GOAL OF THE EXERCISE:
Please write out the listing exactly, leaving each picture out.

INFORMATION SUPPLIED:
§

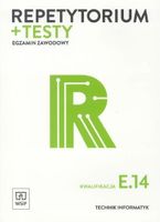 Publikacja przygotowuje do egzaminu potwierdzającego kwalifikacje w zawodzie technik informatyk w zakresie kwalifikacji E.14 (Tworzenie aplikacji internetowych i baz danych oraz administrowanie bazami). Zawiera syntetyczne i obszerne repetytorium wiedzy opracowane zgodnie z nową podstawą programową, 5 zestawów testów do części pisemnej egzaminu, 3 zadania do części praktycznej egzaminu wraz z przykładowymi rozwiązaniami, klucz odpowiedzi do testów oraz wstęp opisujący zasady obowiązujące podczas przeprowadzania egzaminów potwierdzających kwalifikacje w zawodzie (wg nowej formuły). Treści repetytorium oraz testów i zadań praktycznych dotyczą m.in. takich kwestii, jak tworzenie stron internetowych za pomocą języka HTML oraz kaskadowych styli CSS, korzystanie z systemów CMS i edytorów WYSIWYG, obróbka elementów graficznych i multimedialnych wchodzących w skład witryn internetowych, aplikacje internetowe opracowane na podstawie dwóch języków programowania JavaScript i PHP, wykorzystanie programów Access, MySQL i PostgreSQL podczas tworzenia baz danych oraz zasady administrowania bazami danych.
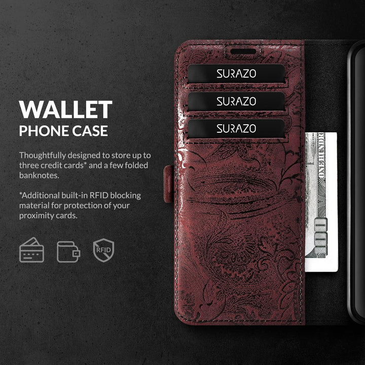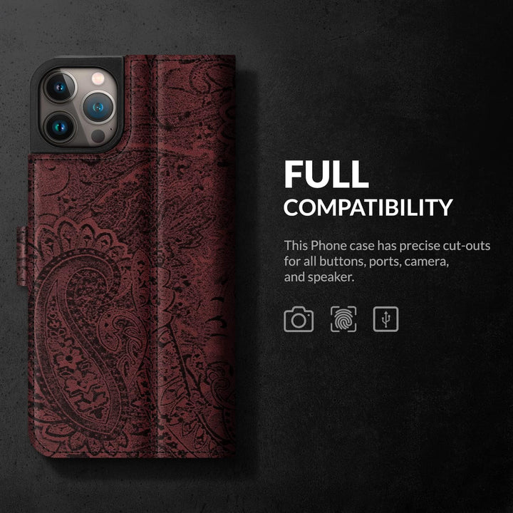 SURAZO Handyhülle für Apple iPhone 14 Pro Max Hülle Leder – Klappbare Echtleder Schutzhülle [mit Mag
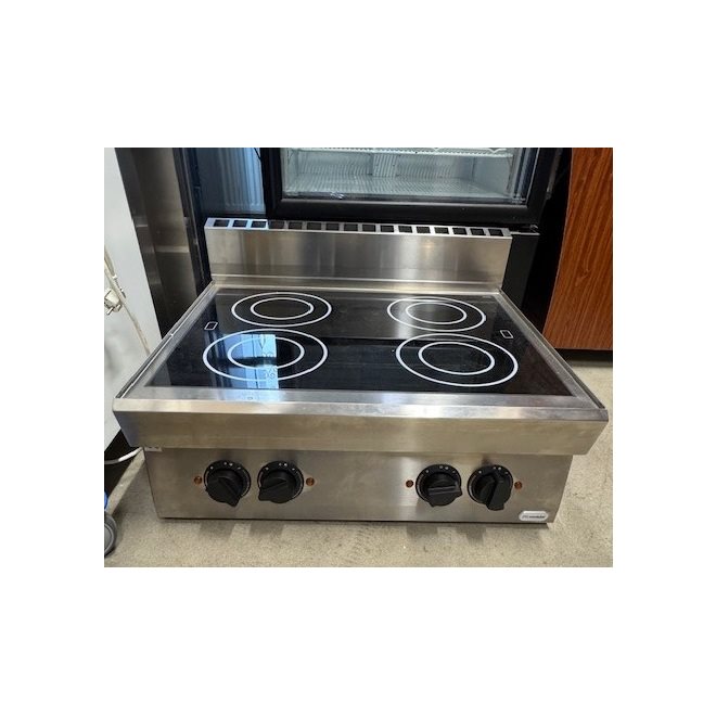 Elspis glaskeramikhäll 4 zoner fun Modular 700. OBS! Använd ca 1 vecka/demo. 3 månaders reservdelsgaranti. Rostfritt utförande. Förseglad glaskeramikhäll, 4 oberoende kokzoner, alla med strålningsvärmeelement

§

REPLY TO THE TASK:
 Publikacja przygotowuje do egzaminu potwierdzającego kwalifikacje w zawodzie technik informatyk w zakresie kwalifikacji E.14 (Tworzenie aplikacji internetowych i baz danych oraz administrowanie bazami). Zawiera syntetyczne i obszerne repetytorium wiedzy opracowane zgodnie z nową podstawą programową, 5 zestawów testów do części pisemnej egzaminu, 3 zadania do części praktycznej egzaminu wraz z przykładowymi rozwiązaniami, klucz odpowiedzi do testów oraz wstęp opisujący zasady obowiązujące podczas przeprowadzania egzaminów potwierdzających kwalifikacje w zawodzie (wg nowej formuły). Treści repetytorium oraz testów i zadań praktycznych dotyczą m.in. takich kwestii, jak tworzenie stron internetowych za pomocą języka HTML oraz kaskadowych styli CSS, korzystanie z systemów CMS i edytorów WYSIWYG, obróbka elementów graficznych i multimedialnych wchodzących w skład witryn internetowych, aplikacje internetowe opracowane na podstawie dwóch języków programowania JavaScript i PHP, wykorzystanie programów Access, MySQL i PostgreSQL podczas tworzenia baz danych oraz zasady administrowania bazami danych.
 SURAZO Handyhülle für Apple iPhone 14 Pro Max Hülle Leder – Klappbare Echtleder Schutzhülle [mit Mag
 Elspis glaskeramikhäll 4 zoner fun Modular 700. OBS! Använd ca 1 vecka/demo. 3 månaders reservdelsgaranti. Rostfritt utförande. Förseglad glaskeramikhäll, 4 oberoende kokzoner, alla med strålningsvärmeelement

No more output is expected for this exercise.